The net result is that, absent an exaggerated frame such as that produced by what has been called the “Bilbao Effect” that surrounds buildings most of us could describe, we have an almost total hysterical blindness where architecture is concerned.

Given how much of the planet is covered by buildings, finding a way to see them, making sure they merit looking at, and understanding that these are mutually constitutive forms of visibility seems more than worth the effort.

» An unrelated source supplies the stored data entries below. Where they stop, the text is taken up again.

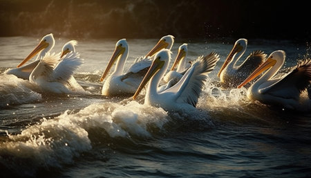 A flock of pelicans diving into the ocean to catch fish, their synchronized movements creating splashes in the water.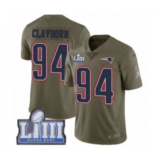 Youth Nike New England Patriots #94 Adrian Clayborn Limited Olive 2017 Salute to Service Super Bowl LIII Bound NFL Jersey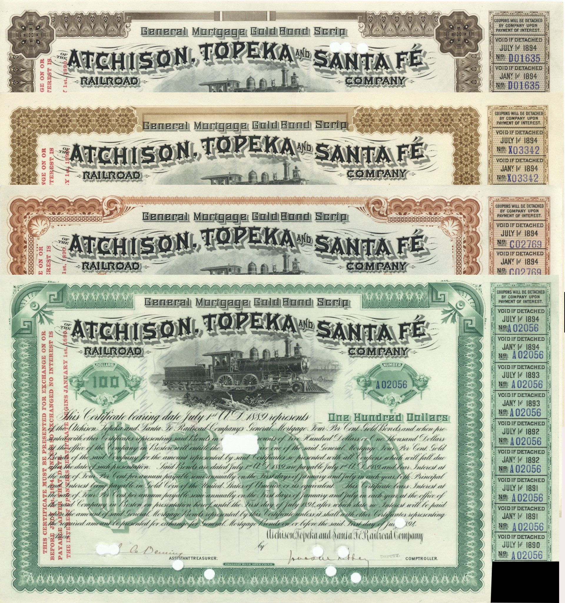 Collection of Four Different Bonds of the Atchison, Topeka and Santa Fe Railroad - 1890's dated Collection of 4 Bonds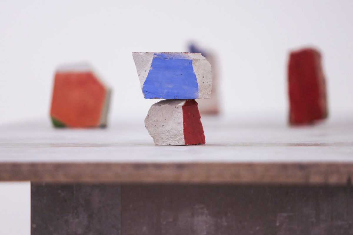 Bächli ha creado para esta muestra una partitura para el espacio expositivo: una secuencia de grupos rítmicos de dibujos ubicados a diferentes alturas e intervalos que van sumando significado en su persistente acumulación. La artista trabaja insistentemente con medios modestos y limitantes: papel blanco de diferentes tamaños, cualidades y tonos sobre el que aplica tinta china, carboncillo, gouache o pastel. Su proceso es secuencial: dibuja en hojas de una pila, una tras otra, y va disponiendo constelaciones de obras en la pared de su estudio que son consecutivamente interrogadas, reorganizadas y rechazadas, hasta que descubre algo que le parece adecuado y sorprendente.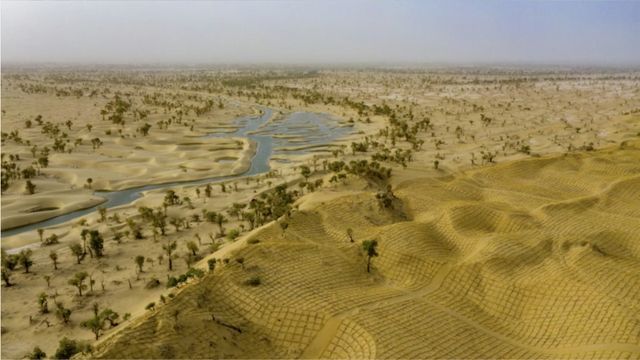 Die Taklamakan ist die zweitgrößte Sandwüste der Welt. Ein milliardenschweres Umweltprojekt verwandelte sie über die Jahrzehnte in eine Art riesigen CO2-Absorber.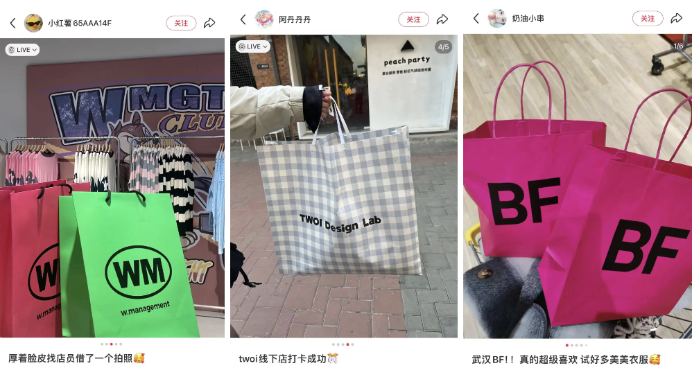 其次,占地要大,毕竟是“仓储式”女装店;装修要潮,最好是怎么拍都上镜的奶油风、ins风,毕竟这其实是它们赖以生存的资本:在社交平台上搜索这些店,数据最好的都是美女们精挑细选的打卡照,而不是衣服分享。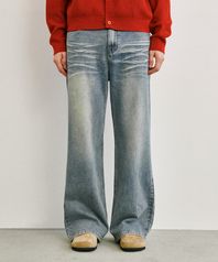 ADSB 패치 스프레이 워쉬 와이드 레그 데님 팬츠 apa816m(BLACK)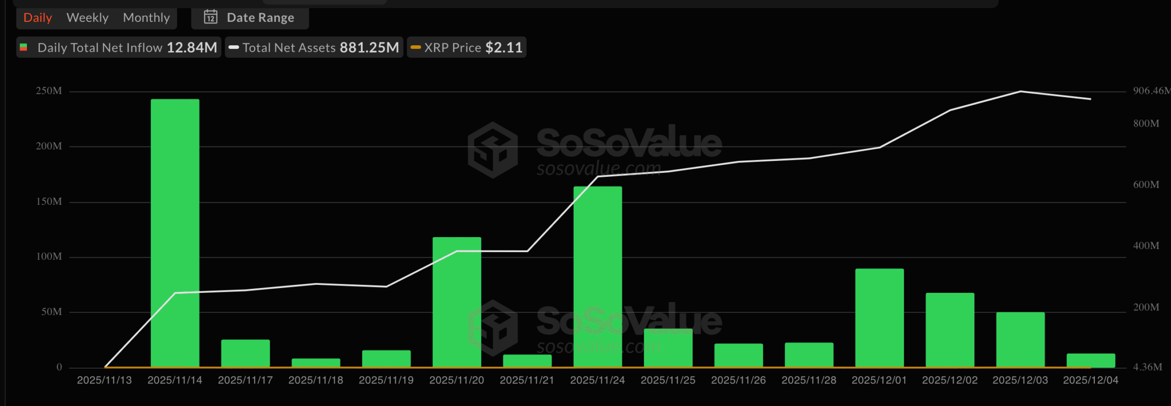 Since its first launch on November 14, spot XRP funds have seen continued inflows. According to data from SoSoValue, the total inflows into these funds have now risen to $881.25 million. The funds attracted $12.84 million of new money yesterday. The daily trading volumes remained stable at $26.74 million.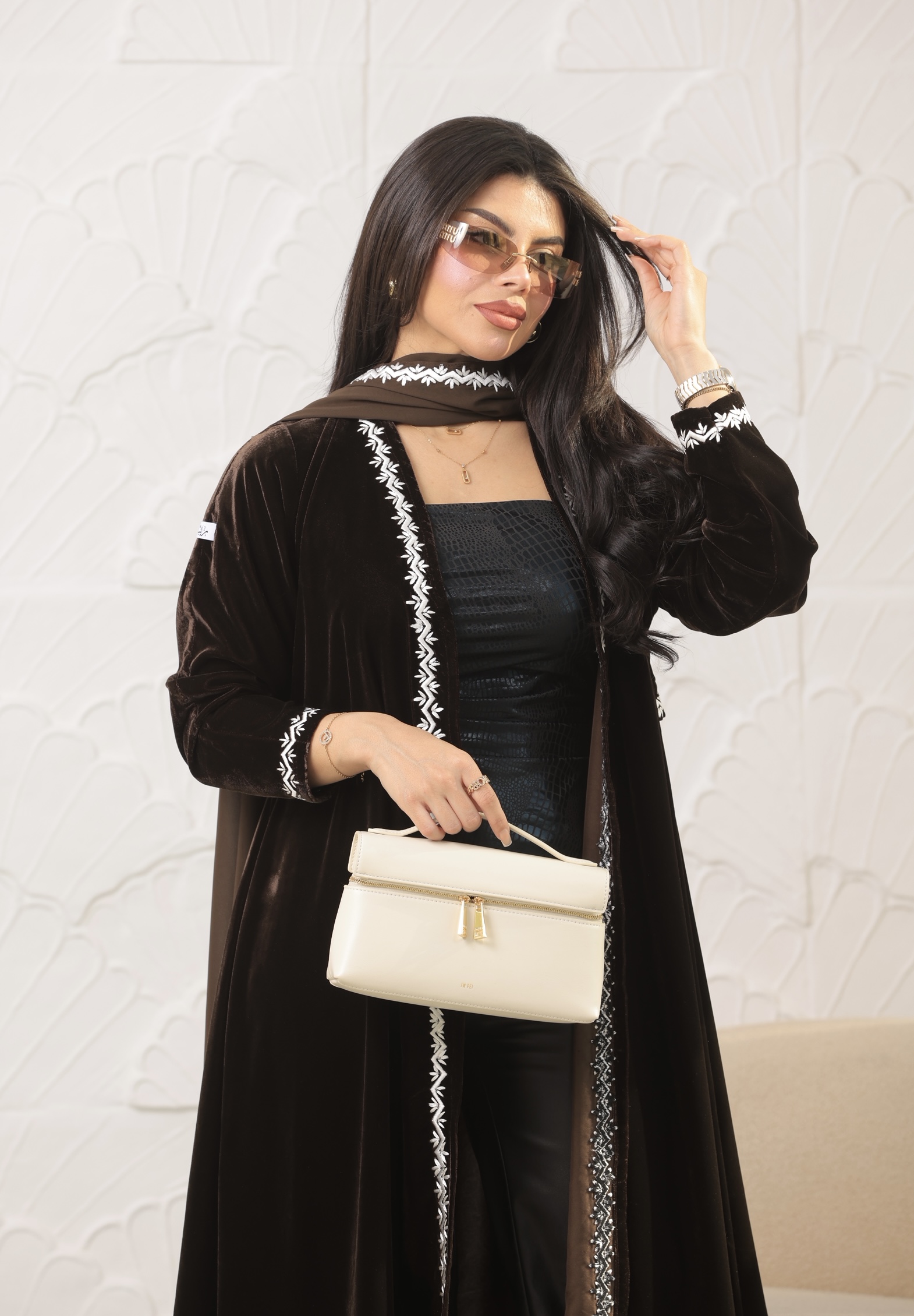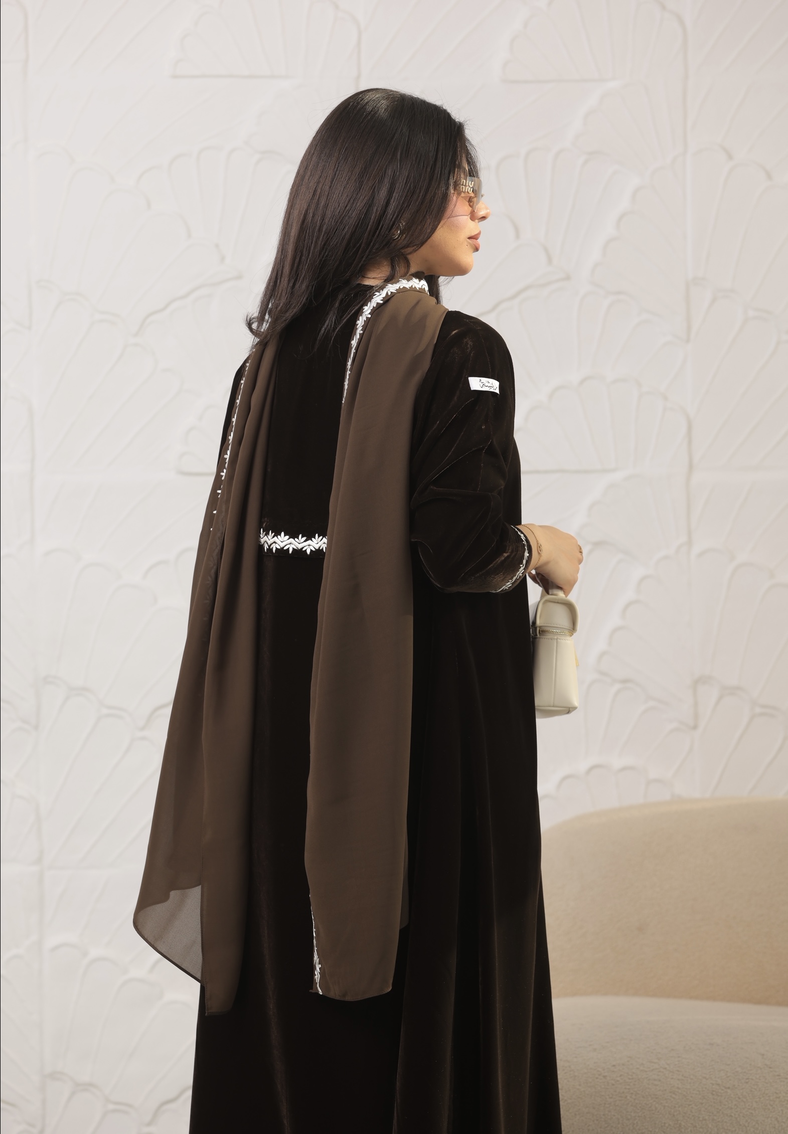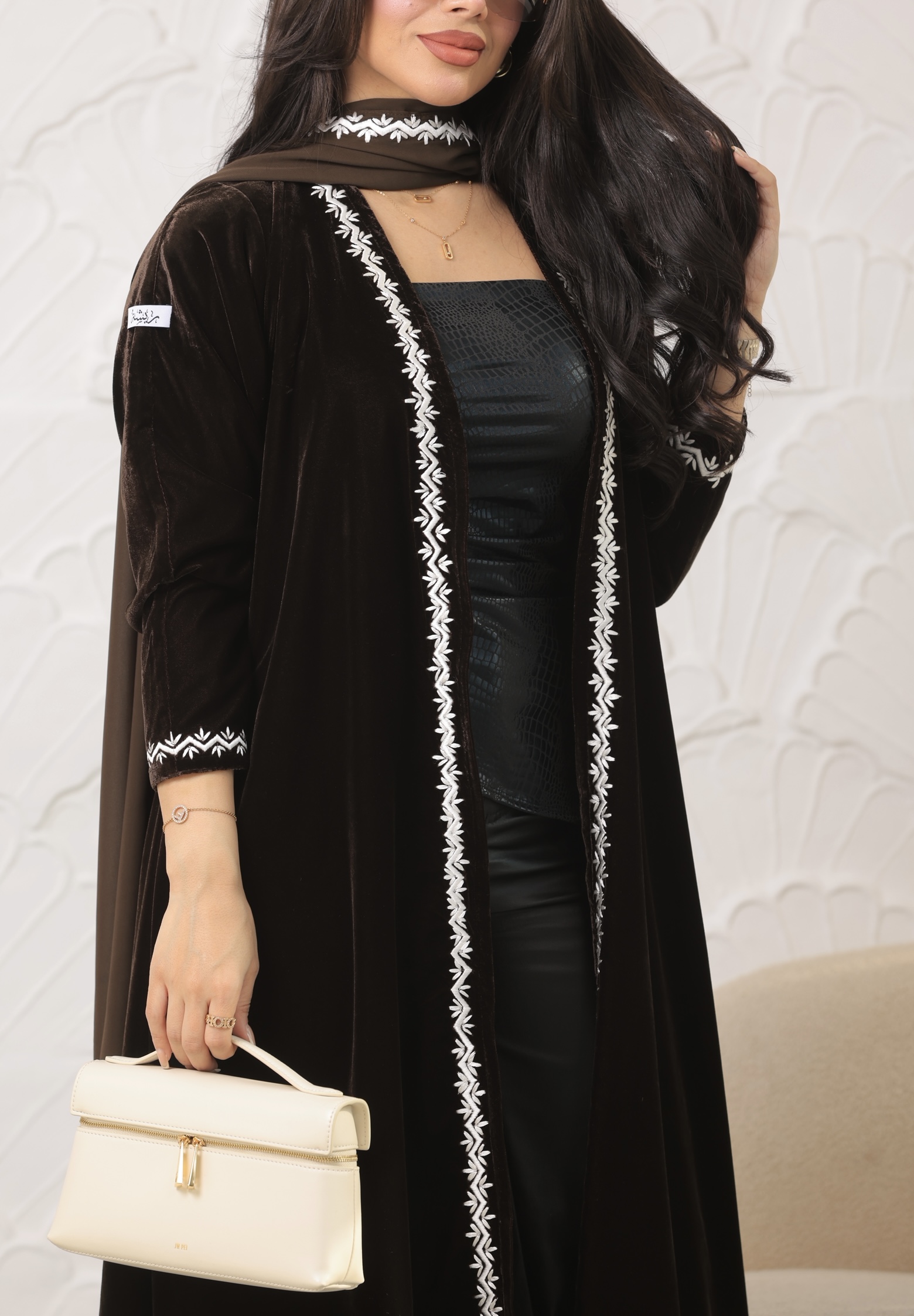 عباية شتوية باللون البني مطرزة في العباية و الطرحة

Kissing Architecture seeks to entice the way we understand architecture away from the register of architectural criticism of the 1990s—which, akin to the orality of dentistry, was full of probes, spit, and scraping critique—into the atmospheres of embrace, where flavor, succulence, and sensation are reintroduced into the province of intellected criticism.

The subject of much discussion in Kissing Architecture is new genre works by producers who are commonly called artists but that I call “super architects.”

Pipilotti Rist and Doug Aitken, for example, produce works of super-visibility by soliciting several of the different types of attention we have developed for viewing video, painting, architecture, sculpture, cities, etc. at once and by putting these manifold attention states into dynamic play.  The structure of this combine I liken to the kiss, a centrifugal force of attraction between two exquisitely similar but yet distinct things.

Culture in a state of kissing, in a complex state of multiplicity, produces a new form of eidetic experience.  It is highly memorable experience.  But, unlike the memories inflicted by visits to the dentist, generated by pain and fear and producing blindness and amnesia, these experiences permit the momentary generation of new affects that in turn form the basis of alternative possibilities in the social aesthetic world.

I hope Kissing Architecture is a pleasure to read.  Yve-Alain Bois called the book a sip of champagne.  That made me happy.